Fourth, don’t be preoccupied with instilling high self-esteem in your child. It is the Left that believes that self-esteem is a child’s right, something that parents and society owe children. Conservatives believe that everyone, including children, must earn self-esteem. Indeed, the belief in earning — rather than in being given — is conservative.
Fifth, teach character. The Left has essentially defined a good person as one who holds progressive social positions — on race, the environment, taxes, health care, etc. That is why the Left, including the feminist Left, could so adore Bill Clinton, who regularly used his positions of power to take advantage of women: He held progressive positions.
If your child recycles, or walks five or ten kilometers on behalf of breast cancer, that is lovely. But if your child refuses to cheat on tests or befriends an unpopular kid at school, that is character. And teaching that definition of character is more often done in a conservative (usually a religiously conservative) context.
I guess I agree with most of Prager’s five points more than Prager’s overall aim. Parents need to teach character, though as with classroom teaching it’s more about showing than telling. Similarly, parents should teach their values, including religious values. (Parents are, after all, their children’s first teachers, and they teach their children far longer than they’re in school.) Prager is absolutely correct about the bogus nature of the self-esteem movement. I’ve heard more than one opinion about whether taking time off between levels of education is a good thing. (Those in adult education will tell you that older students are more focused on the educational aspects of college than the social aspects.)
I’m guessing, however, that most readers know of siblings who grew up in the same house with the same parents and yet have different political beliefs.
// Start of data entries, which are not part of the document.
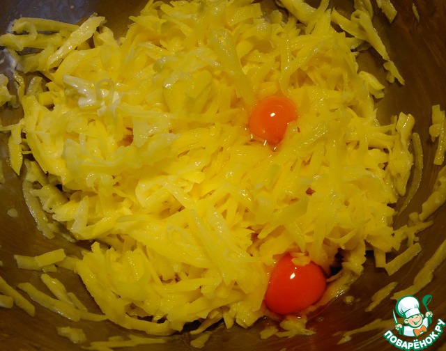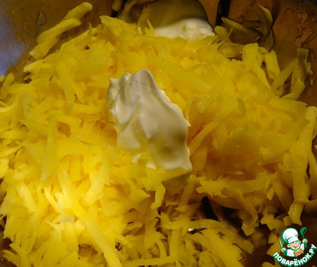 Сверху положить 1. ст. л. натёртого на мелкой тёрке твёрдого сыра.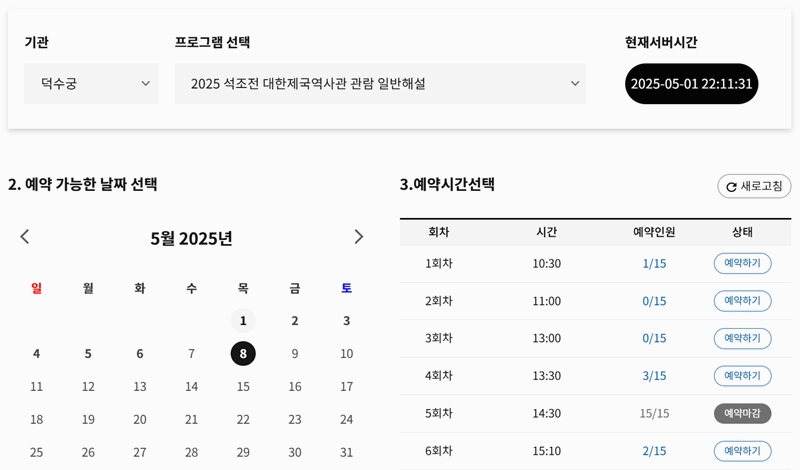 4. 날짜와 시간 고르는 게 제일 중요한데요. 석조전은 인기가 많아서 보통 일주일치 예약이 꽉 차 있어요. 원하시는 날짜가 있다면 미리미리 달력 보고 가능한 날짜부터 먼저 확인해보세요. 가능한 날짜에 예약이 열려 있어요.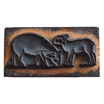 蚤の市で見つけたアンティークスタンプです。親子のヤギのスタンプです。お母さんヤギは、草を食べています。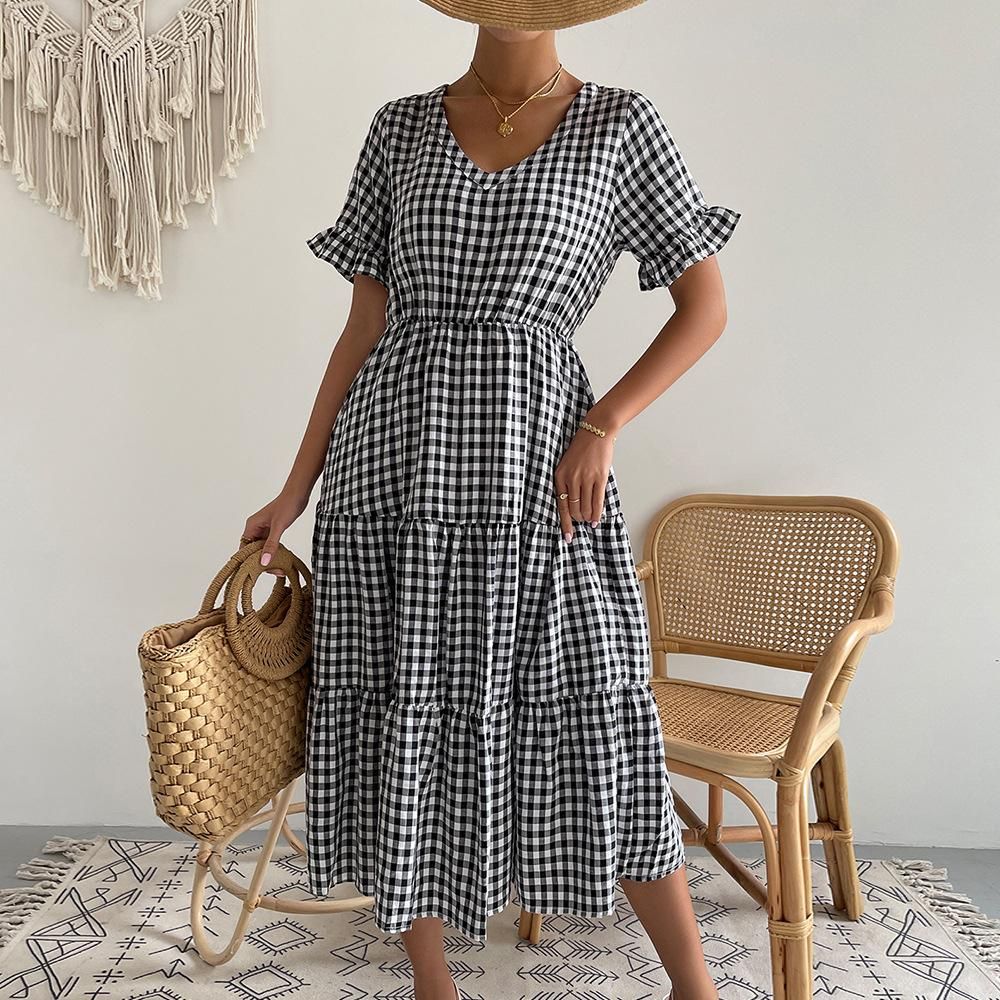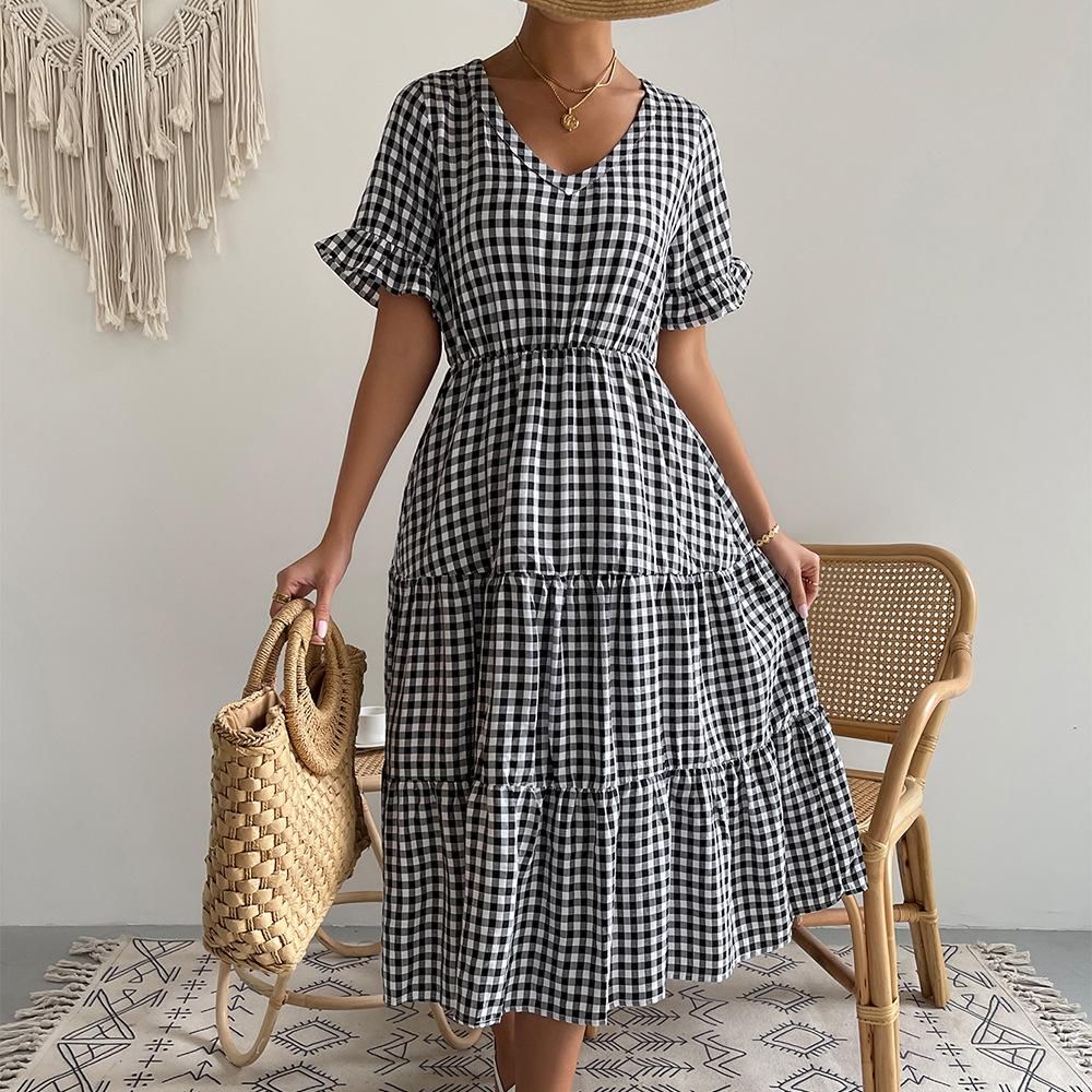 Buy Self-developed and designed plaid style dress Spring/Summer 2022 sexy large skirt children in Nigeria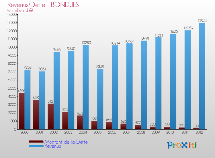 Comparaison Revenus/Dette de Bondues (de 2000 à 2012)

If you believe Prager, that’s not possible, and yet it happens. (Some people may adopt the opposite political beliefs of their parents merely to oppose their parents.) Parents have difficulty getting their children to do their homework, clean their rooms, take out the garbage and go to bed; convincing them of the correct position on the political fight du jour seems uncertain at best to succeed. (For one thing, if you elevate politics, you inevitably elevate politicians, and you should not elevate politicians.) I think Prager also underestimates the ability of people to change their political beliefs when their beliefs collide with facts or experience. (As the saying goes, if you’re not a liberal when you’re 20 you have no heart; if you’re not a conservative by the time you’re 30 you have no brain.)
I should not be giving parenting advice, but I don’t believe it should be the goal, or is the job, of parents to teach their children a particular political worldview. (For one thing, it places excessive importance on politics, which should be less important than it is.) I can think of many more things — the need to work hard and well and not be lazy or settle for less than your best, for instance, and the need to think for yourself, not merely parrot the official line — that are more important for our children to learn than, say, whom to vote for in the next election. My political beliefs were obviously shaped by my parents (in part because they taught me to think for myself), but I believe what I believe because I thought it out. That should be the goal of conservative parents — to get their kids to think for themselves. (And that should be the goal of liberal parents, moderate parents and politically uninterested parents too.)